In some examples, for the method 300 and other processes and methods disclosed herein, each block may represent circuitry that is wired to perform the specific logical functions in the process.

At block 302, the method 300 includes receiving a speech signal. The speech signal may be similar to the inputs 140, 160, and/or 170, of the FIGS. 1B-1E. For example, a device that includes one or more processors may receive the speech signal via an input interface similar to the input interface 102 of the device 100.

At block 304, the method 300 includes determining acoustic feature parameters for the speech signal. The acoustic feature parameters may include phase data. The acoustic feature parameters may be determined similarly to the acoustic feature dataset 120 determined by the speech analysis module 112. For example, the phase data may be based on measured phase values at harmonic frequencies and/or quasi-harmonics of the speech signal.

Further, in some examples, the method 300 may include determining the phase data based on the phase data being associated with reference time-instants of a glottal cycle in the speech signal. For example, similarly to the speech analysis module 112, the reference time-instances may correspond to glottal closure time-instants.

Further, in some examples, the method 300 may include determining circular space representations for the phase data based on an alignment of the phase data with given axes of the circular space representations. For example, a given circular space representation may correspond to a unit circle (e.g., [0, 2π] space) and the phase data may be associated with a distance from an origin axis of the unit circle. Thus, in some examples, the method 300 may include aligning the phase data such that the phase data is invariant to translation to facilitate statistical speech processing of the phase data.

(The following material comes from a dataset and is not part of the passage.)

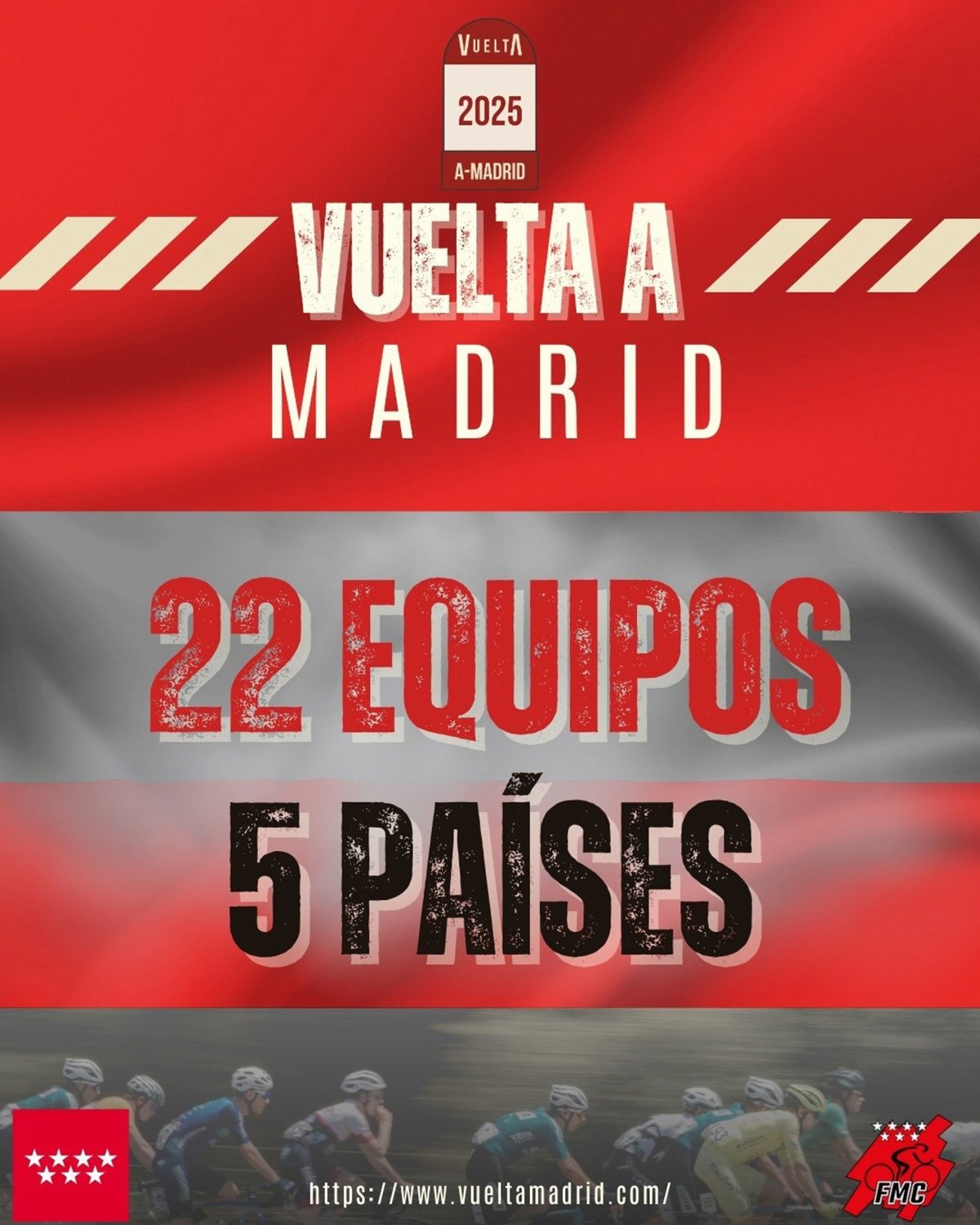 Un total de 22 equipos, tanto nacionales como internacionales, participarán en la Vuelta a Madrid sub-23, que se disputará entre el 8 y el 12 de julio, con 5 etapas que recorrerán toda la Comunidad de Madrid.
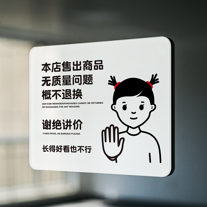 本店售出商品概不退换提示牌一经售出不退不换指谢绝议价概不讲价热门设计联盟服务商

At block 306, the method 300 includes mapping the phase data to linguistic features associated with linguistic content that includes phonemic content or text content. In some examples, the mapping may be based on the circular space representations of the phase data. The mapping at block 306 may be similar to functions of the mapping module 114 of the device 100. For example, the mapping may include associating the phase data with one or more statistical models having a circular space. In one example, a regression may be performed to associate the phase data with the linguistic features based on the phase data having the circular space representations. In another example, a Gaussian distribution or any other statistical distribution may be adapted to have a circular space (e.g., wrapped Gaussian pdf, wrapped GMM, etc.) and utilized as a representation for the phase data, and a sequence of such wrapped Gaussian pdfs may be determined to correspond to a maximum likelihood of characterizing the speech.

In some examples, the one or more statistical models may include one or more of a wrapped Gaussian Mixture Model (GMM), a wrapped Gaussian Probability Density Function (pdf), a Mixture von Mises pdf, a von Mises pdf, a decision tree-clustered wrapped GMM, a decision tree-clustered wrapped Gaussian, a decision tree-clustered mixture von Mises pdf, a decision tree-clustered von Mises pdf, a neural network, a mixture density network, a recurrent neural network, or a long short-term memory, similarly to the description of the mapping module 114 of the device 100.

At block 308, the method 300 includes providing a synthetic audio pronunciation of the linguistic content based on the mapping. The provision of the synthetic audio pronunciation may be similar to the provision described for the speech synthesis module 116 of the device 100. For example, the synthetic audio pronunciation may be based on a parametric representation that includes amplitude information and phase information. The phase information, in this example, may be based on the phase data determined at block 304, which in turn may be based on measured phase values of acoustic features in the speech signal.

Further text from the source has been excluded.